Note: an alternative route that can be used in all of the cases above is to first convert the Keras model to the .onnx format and then use the ONNX converter described below. The ONNX converter has been updated to target all Core ML specification versions from 1 to 4 (iOS 11 to iOS 13).

TensorFlow conversion

TensorFlow models can be converted to Core ML by using the tfcoreml converter (link to the GitHub repo), which depends on the coremltools package.

pip install --upgrade tfcoreml

TensorFlow 1 converter

To convert models trained/saved via TensorFlow 1, first export them into the frozen graph def format, which is a protobuf file format with .pb as the extension. Frozen .pb files can be obtained by using TensorFlow's tensorflow.python.tools.freeze_graph utility.

This Jupyter notebook shows how to freeze a graph to produce a .pb file.

There are several other Jupyter notebook examples for conversion here.

import tfcoreml

tfcoreml.convert(tf_model_path='my_model.pb',
                 mlmodel_path='my_model.mlmodel',
                 output_feature_names=['softmax:0'],  # name of the output tensor (appended by ":0")
                 input_name_shape_dict={'input:0': [1, 227, 227, 3]},  # map from input tensor name (placeholder op in the graph) to shape
                 minimum_ios_deployment_target='12')

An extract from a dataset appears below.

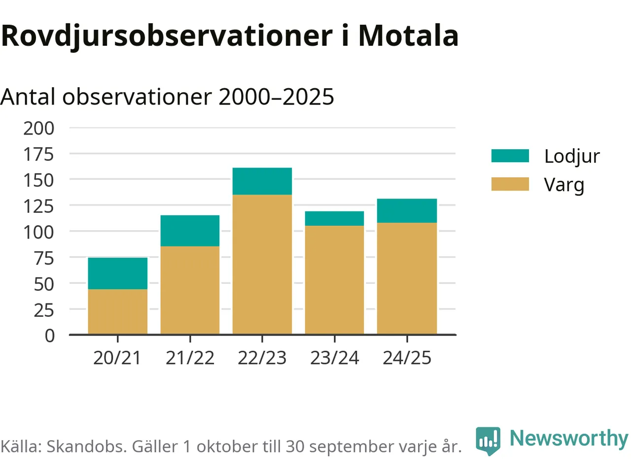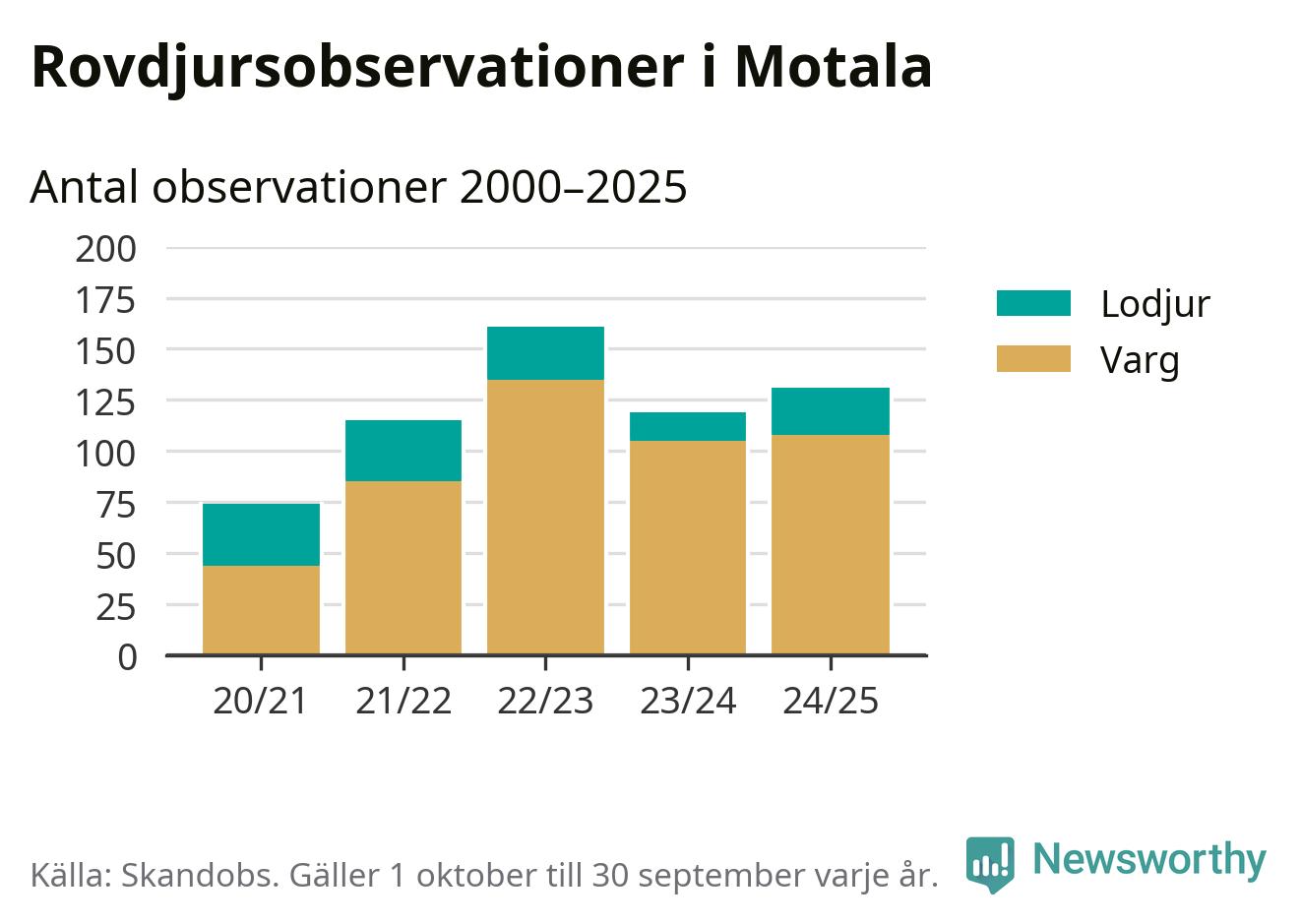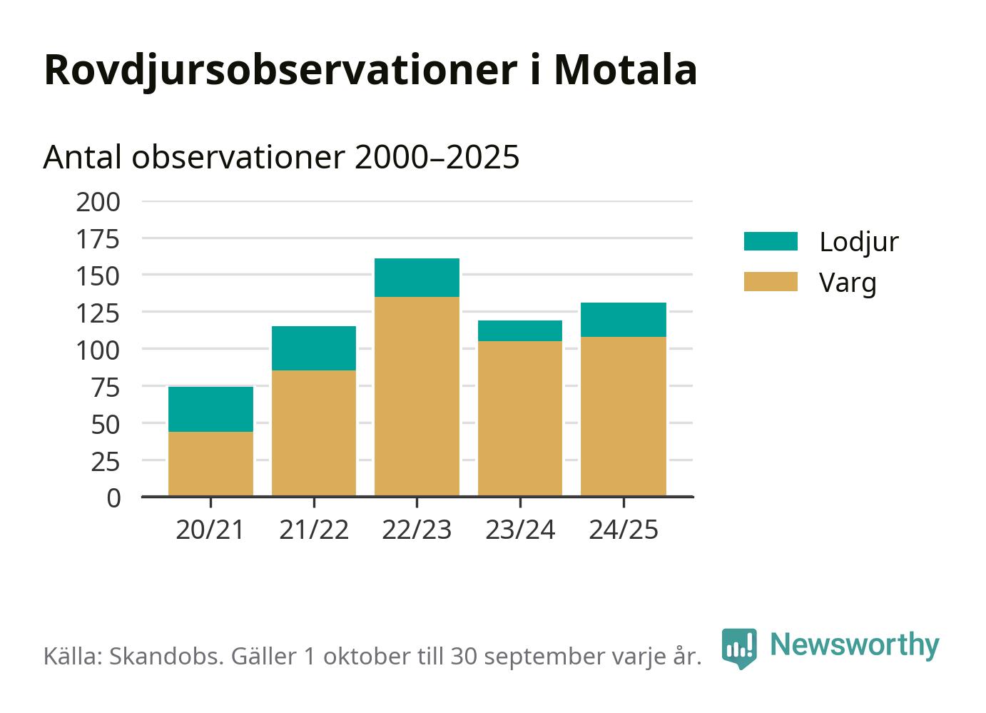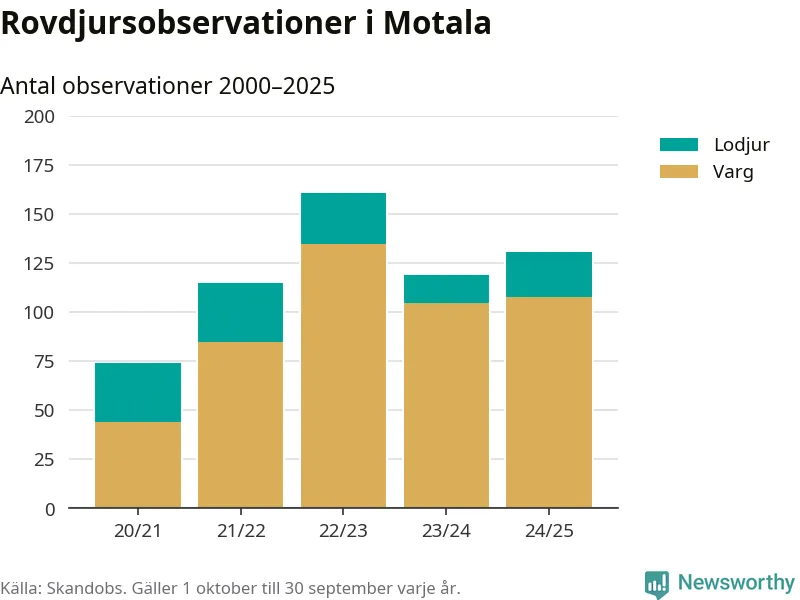 Där kan vem som helst rapportera sina observationer av de stora rovdjuren björn, varg, lodjur och järv. Mellan 1 oktober 2024 och 30 september i år har knappt 10 000 observationer registrerats i landet. Det kan vara synobservationer, foton, spår, spillning, döda bytesdjur eller andra tecken på rovdjursförekomst. I Motala handlar det om totalt 131 observationer av varg eller lodjur.

# if the above invocation fails with an error, then update the
# minimum_ios_deployment_target to invoke the newer converter path:

tfcoreml.convert(tf_model_path='my_model.pb',
                 mlmodel_path='my_model.mlmodel',
                 output_feature_names=['softmax'],  # name of the output op
                 input_name_shape_dict={'input': [1, 227, 227, 3]},  # map from the placeholder op in the graph to shape (can have -1s)
                 minimum_ios_deployment_target='13')

The argument minimum_ios_deployment_target controls the set of Core ML layers that are used by the converter. When its value is set to '12', only the set of layers that were shipped in Core ML during the iOS 12, macOS 14 release cycle are used. It is recommended to first use this setting, since if successful, it produces a Core ML model that can be deployed to iOS 12 and higher. In case, it results in an error due to an unsupported op or parameter, then the target should be set to '13', so that the converter can utilize all the layers (including control flow, recurrent layers etc) that were shipped in Core ML in iOS 13.

TensorFlow 2 converter (tf.keras)

There are 3 ways to export an inference graph in TensorFlow 2:

  1. Use the tf.keras APIs (Sequential, Functional, or Subclassing) and export to the .h5 HDF5 file or SavedModel directory format.
  2. Use TensorFlow's low-level APIs (along with tf.keras) and export to a SavedModel directory format.
  3. Use TensorFlow's low-level APIs and export as concrete functions format.

For all 3 cases tfcoreml's convert() function can be used to convert your model into Core ML model format. The argument minimum_ios_deployment_target must be set to '13'.

Converting a tf.keras HDF5 model:

from tensorflow.keras.applications import ResNet50
import tfcoreml

keras_model = ResNet50(weights=None, input_shape=(224, 224, 3))
keras_model.save('./model.h5')

# print input shape
print(keras_model.input_shape)

# get input, output node names for the TF graph from the Keras model
input_name = keras_model.inputs[0].name.split(':')[0]
keras_output_node_name = keras_model.outputs[0].name.split(':')[0]
graph_output_node_name = keras_output_node_name.split('/')[-1]

model = tfcoreml.convert('./model.h5',
                         input_name_shape_dict={input_name: (1, 224, 224, 3)},
                         output_feature_names=[graph_output_node_name],
                         minimum_ios_deployment_target='13')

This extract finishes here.